Ninth Circuit Decides Federal Law Preempts California Meal and Rest Break Rules
The anticipated decision by the U.S. Court of Appeals for the Ninth Circuit in Teamsters v. FMCSA dealing with federal preemption of California meal and rest breaks for motor carriers, highlighted in a previous Transportation Blog on Jan. 12, 2020,1 was more imminent than was suspected. In its decision issued on Jan. 15, 2021, the Ninth Circuit rejected the Teamsters challenge to the Federal Motor Carrier Safety Administration's (FMCSA) authority and upheld the FMCSA's order that California's meal and rest break rules (MRB rules) were preempted by the FMCSA Hours of Service Rules (HOS rules) as they applied to drivers of property-carrying commercial motor vehicles. See California's Meal and Rest Break Rules for Commercial Motor Vehicle Drivers, Petition for Determination of Preemption, FMCSA Docket No. 2018-0304, 83 FR 67470 (Dec. 28, 2018).
In its administrative ruling, the FMCSA had determined that the HOS rules addressed the area of safety specifically addressed by the California meal and rest break rules. Therefore, the FMCSA found that the MRB rules had "no safety benefit," were "incompatible" with the HOS rules and that "enforcement of 'the MRB rules' would cause an unreasonable burden on interstate commerce."
The Ninth Circuit determined that the FMCSA's decision "reflects a permissible interpretation of the Motor Carrier Safety Act of 1984, and is not arbitrary or capricious." (Slip. Op. at 9.) Citing the FMCSA's specific statutory authority to preempt state rules governing commercial vehicle safety, and the deference due to an agency decision in certain circumstances under the established doctrine of administrative agency review set forth in Chevron, U.S.A., Inc. v. Natural Resources Defense Council, Inc., 467 U.S. 837 (1984), the Ninth Circuit found that the FMCSA acted squarely within its authority. Significantly, the Ninth Circuit's opinion dispensed with the Teamsters' argument that the FMCSA had no authority to act because the MRB rules were not specifically targeted to commercial motor vehicles, finding that California's MRB rules clearly applied to drivers of such vehicles and were designed, as the California Labor Commissioner had acknowledged, to "promote driver and public safety." The court also rejected the Teamsters' argument that the MRB rules should be upheld as they are part of California's "traditional 'police power'" given the express preemption authority given to the FMCSA by Congress.

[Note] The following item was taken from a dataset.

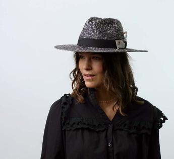 멜루진 펠트 모자(긴 털 물결진 펠트)로, 부드럽고 섬세한 펠트로 제작되었으며, 금속 브러시로 섬유를 뽑아내어 이 털 같은 효과를 주는 마감 처리가 되어 있습니다. 이 모자는 표범 무늬로 장식되어 있어 창작물에 세련된 느낌을 더합니다. 분할된 크라운은 리본과 대조되는 깃털로 마무리된 새틴 장식으로 고정되어 있습니다.
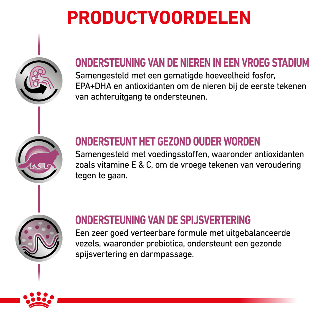 Volledig dieet natvoer voor volwassen katten ter ondersteuning van de nierfunctie in de vroege stadia van chronische nierinsufficiëntie.

The Ninth Circuit also agreed with the FMCSA that the MRB rules were "additional to or more stringent than" the federal regulations, because, as the FMCSA determined, "California requires more breaks, more often, and with less flexibility as to timing." The court rejected the Teamsters' argument that the MRB rules could be complied with by simply paying an extra hour of pay, as California's MRB rules require, as that would still be an added burden on transportation operations in interstate commerce, which are not imposed by the federal agency and its regulations.
Interestingly, the Ninth Circuit took into account the "patchwork of requirements" created by 20 states' meal and rest break statutes, and approved of the FMCSA considering the "cumulative 'effect on interstate commerce' " of the burdens created by the different states' requirements.
While it is not clear whether the Teamsters will seek review by the U.S. Supreme Court, this issue likely will be a focal point in the Biden Administration, given the appointments of Pete Buttigieg as Secretary of Transportation and Boston Mayor Marty Walsh as Secretary of Labor, both supporters of union labor. That said, as both are also reputedly pragmatists, there is an opportunity for them also to consider the persuasive decision of the Ninth Circuit finding that interstate commerce has been burdened by the different state requirements and that the federal HOS rules adequately protect driver and public safety.
1 See "Another Shift on Joint Employment and Independent Contractors," Holland & Knight Transportation Blog, Jan. 12, 2021. While the blog focused on independent contractor (IC) issues, Holland & Knight discussed the pending FMCSA decision in the Ninth Circuit given its impact on logistics operations in California. As substantial litigation over IC status in California has involved claims regarding meal and rest breaks, the fact that the federal hours of service (HOS) rules have been found to adequately protect driver and public safety removes these claims from such challenges.